PACIFIC PALISADES, CALIFORNIA | The mirrors were taped to the sides of the car, a Ford Focus. “They fell off too much,” Keegan Bradley remembered.
Not what you want to make an impression at Augusta National. Or even at the Subway sandwich shop down the street.
Bradley’s mode of transportation is better now. It should be. He won the PGA Championship last August, as a rookie. Sunday he came within a whisker of winning at Riviera. The man can play.
He was tied with Phil Mickelson for first place three rounds into the Northern Trust Open. The man can impress.
“I really like Keegan,” was Mickelson’s observation. “He’s a great player, and I think a lot of him … I think he’s a tremendous talent.”
That is understood. Bradley won a major, then won PGA Tour Rookie of the Year. That will get you a lot of places.
Who knew? Not Bradley, back in 2009, or was it 2008, he parked that Ford Focus off Washington Road across from the inaccessible heaven of Augusta National.
Bradley was on the Hooters Tour, minor leagues, playing in McCormick, S.C, some 40 miles from Augusta. So close. So far.
“I had an early tee time,” said Bradley, “and I decided to drive up and see Augusta.”
He saw Augusta, not Augusta National, until a week- and-a-half ago when, eligible for the 2012 Masters, Keegan, along with his father, Mark, a teaching pro, made an official visit.
They played a few practice rounds and loaded up buying those shirts and hats with the logo that has an outline of the United States with a flagstick poking up from about where Augusta, Georgia is located.
Different than the first time when he had his Subway sandwich, his view of the Augusta National gate and his unfulfilled dreams.
“I was just eating and staring down Magnolia Lane,” he said of the historic entranceway, which leads to the clubhouse, “and ready to rip my hair out of my head.
“I remember people watching people go up to the gate and talk to the guard and drive in, and I was imagining what that feeling must be like to be allowed into Augusta.”
The approval was almost as satisfying as the arrival.
“Getting to the gate,’’ Bradley offered, “and having the officer look and say, ‘Yep, you guys can go,’ was the coolest.”
It’s been a fantastic, bewildering, rewarding, gratifying few months for Bradley. A year ago, in the second round of the Northern Trust, he three-putted the 18th green at Riviera and missed the cut by a shot.
“I was so devastated,” he recalled. “I specifically remember missing this cut because I love this course so much, and how bummed out I was. I have come a long way. It doesn’t seem like a year ago. It seems like five years ago.

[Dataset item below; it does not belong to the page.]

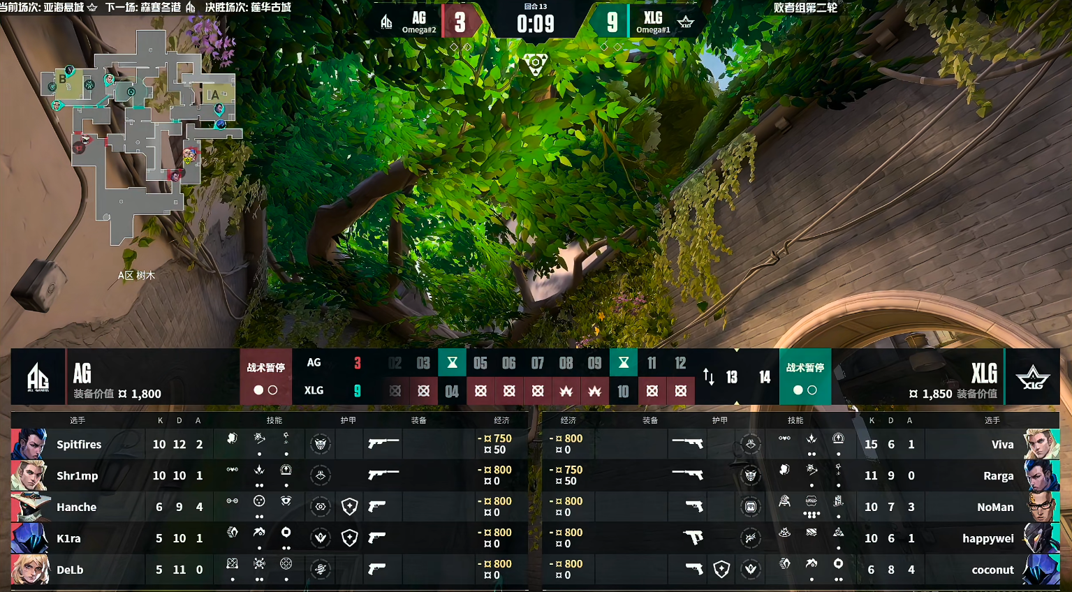 上半场AG开局打出七连胜,第7回合K1ra更是在刀了NoMan。第8回合XLG快速rush A,一波快攻技能铺开,打了AG措手不及,XLG拿到图二的首分。第9回合XLG继续提速B点,但一直控不下点后,XLG勉强下包后被AG打掉。第10回合XLG在A点下包,直接包点强守,Shr1mp回防四杀但最终被Viva给打掉赢下。XLG上半场进攻受挫,控图、对枪等都有些马,AG则是在防守打出气势,并拿到9分。

“I had the next week off, and I sulked the whole week. Much better feeling this time.”
Bradley and Mickelson, head to head, the kid, if the kid with style, class and élan – along with that major – against Phil the Mick, who days earlier won at Pebble, his 40th title, beating Tiger, beating everyone else.
“You have to try your best not to watch Phil,” said Bradley. He was determined to stay competitor, not spectator, although it’s never easy to ignore the great ones, and Mickelson has in the opening weeks of 2012 reaffirmed his status as great.
“I promise you,” Bradley said before they teed off, “I do want to beat Phil, and he wants to beat me. He could shoot really low. I’ve played with him. I’ve hung out with him, and I feel more comfortable this year playing in the final group than last year.”
Bradley is one of the bright, young individuals in golf, the American who slashed through the stretch of six straight major victories by the South Africans and Brits and Germans and Irish. Just when it didn’t seem anyone from the U.S. would ever again find room at the top, here came this unflappable young man from New England.
“You can be very relaxed around him,” Mickelson said of Bradley, with whom he shares agent representation. “You can rough him up a little bit, and he’ll give it right back. I enjoy being around him.”
Bradley grew up as a ski racer before switching to golf full time. He has a sense of humor and a sense of purpose. As is well known, he went to St. John’s University in Queens, and nobody thinks of playing golf in New York City. Well, Keegan Bradley does.
There’s a statue of Ben Hogan alongside the upper practice green at Riviera, where Hogan won two L.A. Opens and one U.S. Open. This time Bradley lost on the second hole of a three-man playoff with Mickelson, won by Bill Haas.
“My dad kind of beat that history of Hogan into me,” said Bradley. “(Riviera) is one of those courses that even though you haven’t played you can feel the history, see the (pictures of) the past champions in the locker room.”
Not all that different from Augusta National, except at Riviera there’s no Subway across the road, just multi-million dollar mansions.